In Cuba, the essential, the cardinal, is rather in the kidnapped elections, in the disappeared liberties. In Cuba the essential is on the empty table and in the head full of anguish. In Cuba, the essential thing is that, with any president, whoever he chooses, the nationals will continue dreaming of travel and exile. Is there perhaps a better show of disapproval than the many escapades and the risks that those escapades carry? Isn’t that a NO? Breakaways should not be counted as votes against, as if they were NO.

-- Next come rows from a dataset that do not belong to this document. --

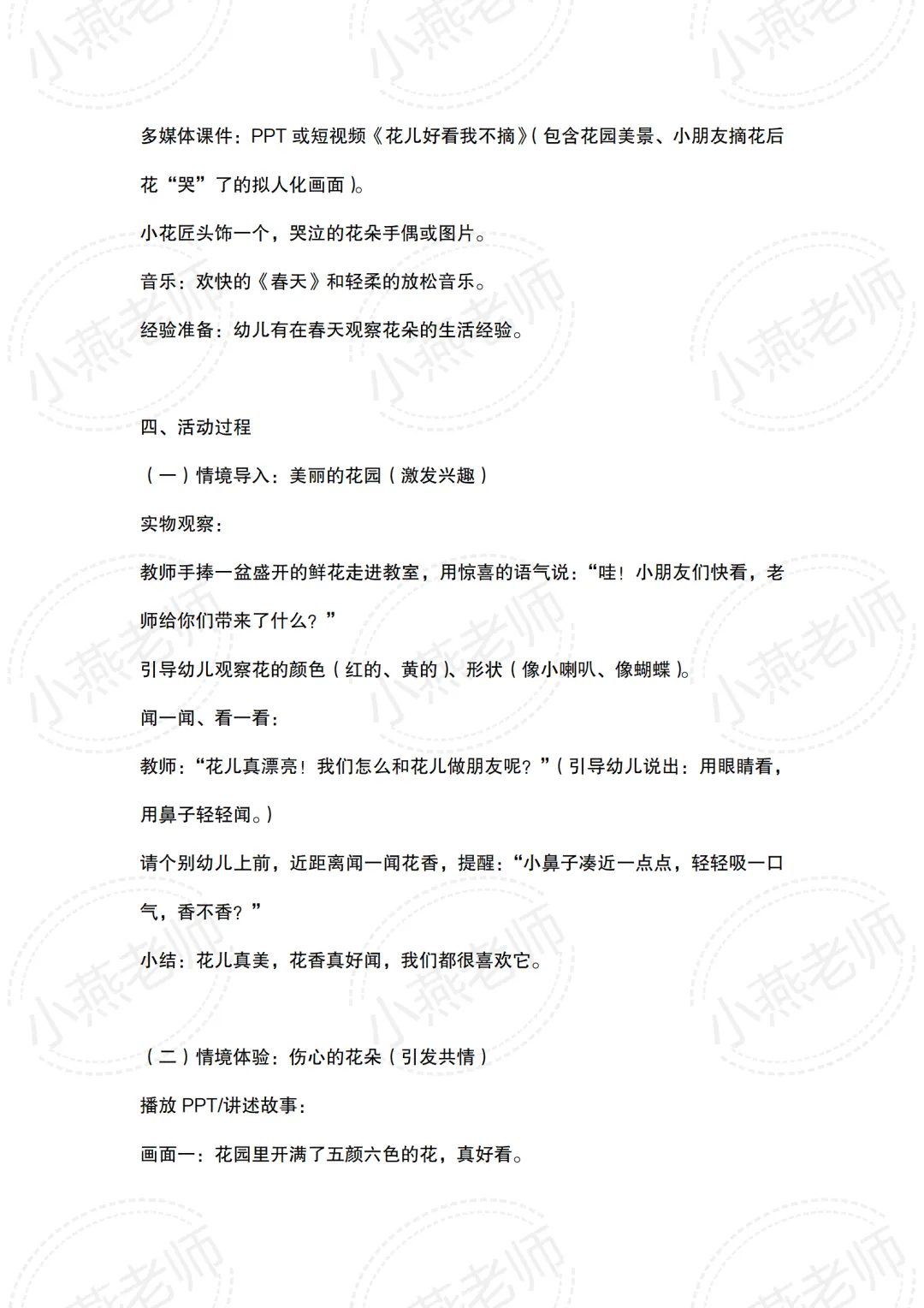 - 行为目标:初步学会用眼看、鼻子闻等方式欣赏花朵,不做“摘花”的动作。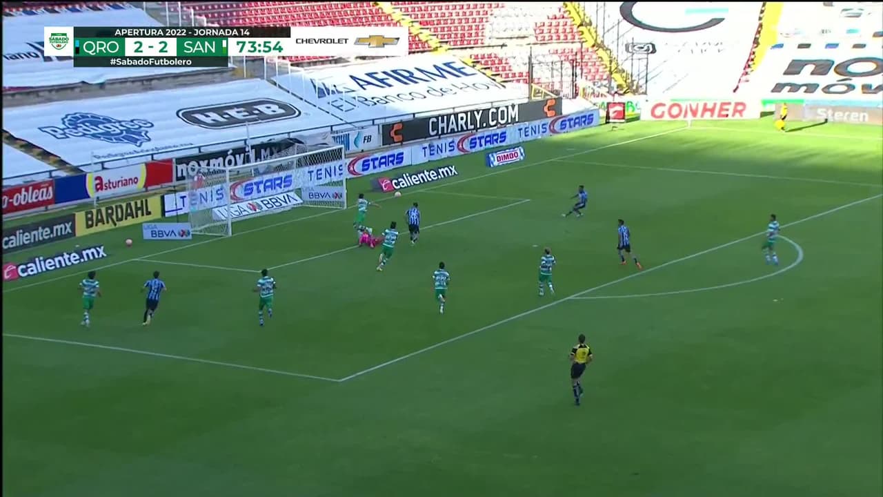 Tiro atajado. Ettson Ayón (Querétaro) Disparo con la derecha desde el centro del área.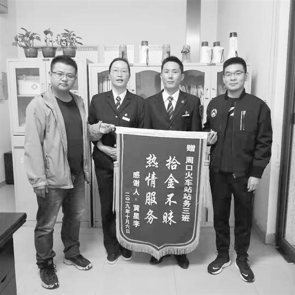 10月6日,旅客黄先生乘坐北京至周口的K401次列车,于7日8时到达周囗火车站。因着急参加朋友的婚礼,黄先生下车时遗忘了钱包,钱包内装有现金2000余元、数张银行卡、社保卡和身份证等。出火车站后,黄先生才发现钱包忘在列车上,这时K401次列车已经离开火车站,于是黄先生拨打铁路12306求助。随后,铁路12306客服告诉黄先生,他们已通知列车长,会在1天内回复他。之后,黄先生又向周口火车站工作人员求助。周口火车站客运值班员王纪文了解情况后,立刻与K401次列车长联系。没多久,黄先生的钱包就找到了。

The “elections” happened a few days ago, but I have kept thinking about them, and what is worse for me is that whenever I remember them, Petronio and the satiriconand its ambiguities remind me of satyrs, those dishonest libertines and, to be redundant, degenerates.
Satyrs are the deputies and their bosses, those who look at reality with reluctance and askance, in an identical way to the way the vast majority of Cubans live at the margins. Satyrs are the deputies who look with the tail of their eyes at the uprooting of young people, the majority bent on marginalization or exile. The National Assembly is a funerary monument, a stone in the shoe, a stone in a cemetery in the East of the country.
The “elections” ended a few days ago and the country, like the room in the song, is the same. The “elections”, those that are no longer talked about, ended, and we continue to be, at least for the Government, just an element that, dividing itself, fragmented into more of the same, and the more of the same, into more of the same, in a syllable of power, in a note of the national anthem, in a word, in a syllable, in a zero to the left. That will happen to the vast majority, including those members of the vast majority who gave power a vote of confidence, instead of the boot. The Assembly is a hole, a niche, a sepulcher for us, the living?